Concurrent sessions are another useful identity clue. A concurrent session means the same account has more than one active session at the same time. That can be normal in many cases. You may be signed in on a laptop, phone, and browser session at once. Service accounts may also support multiple connections by design. The warning appears when concurrent sessions do not match expected behavior. One user account may be active from two distant places, two different device types, or two applications with very different risk levels. A session may remain active after a password change, or an attacker may use a stolen token instead of signing in normally.
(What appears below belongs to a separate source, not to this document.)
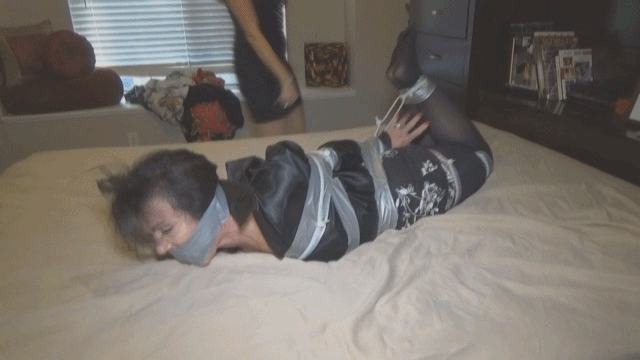Long legged blonde Vicky Vixxx has me all taped up, zip tied and tape gagged on the bed while she waits for the ransom payment. I struggle helplessly sobbing into my gag when Vicky appears to torment me. She pulls my tits out of my blouse and dangles nipple clamps in front of my terrified eyes. She applies them to my nipples then threatens to roll me onto my belly and the femdom pulls on the chain twisting it. She laughs at my agony then exits the room to wait ... I am taped and zip tied so tightly I can barely roll over. My elbows are welded together with the tape and zip ties causing my hands to go numb. The tape gag is massive and my screams are muffled so that no one will hear me crying out for help. I remain helpless and alone for what seems like an eternity and finally my captor returns. She informs me that I will soon be taken away in the trunk and laughs saying make yourself comfortable while you wait for your ride ...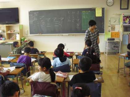 1年生の国語の授業の様子です。カタカナを学習しているところです。担任から、気をつけて書くところなどを教えてもらい、みんなで筆順を確認して、ノートに練習をしています。丁寧に取り組みます。

Analysts look at whether sessions were created through expected authentication flows, whether Multi-Factor Authentication (M F A) was used, whether the device is known, and whether the account actions line up with the user’s role. Session evidence can show that access continued even after the initial login.
The real skill is connecting indicators instead of treating each clue as separate. A suspicious hash may identify a known malicious file, but the process list can show whether it actually ran. A domain lookup may show where the system tried to connect, but timestamps can show whether that happened right after a phishing email was opened. Account lockouts may suggest a password attack, while impossible travel may show that one attempt succeeded. Log manipulation may explain why the local machine seems quiet even though network records show activity. Excessive resource use may point analysts toward the exact time a malicious process began encrypting files or staging data. Each indicator adds context. Analysts build confidence by asking whether the clues support the same story. When several independent sources point in the same direction, the investigation becomes stronger and the response can become more focused.
Indicators of compromise help you move from vague concern to informed investigation. A hash can identify a suspicious file. An I P address or domain can reveal communication. A malicious process can show execution. File system artifacts can show what changed. Timestamps can place events in order. Log manipulation can suggest concealment. Excessive resource consumption can point to harmful activity. Plaintext strings can expose clues inside files or logs. Account lockouts, impossible travel, and concurrent sessions can reveal identity abuse. None of these clues should be handled carelessly or in isolation, because normal systems can produce strange-looking events too. The stronger approach is to combine indicators, compare sources, and ask whether the activity fits the user, device, application, and time. When you learn to read these signs together, compromise becomes less invisible. You may not know the whole story immediately, but you know where to look next.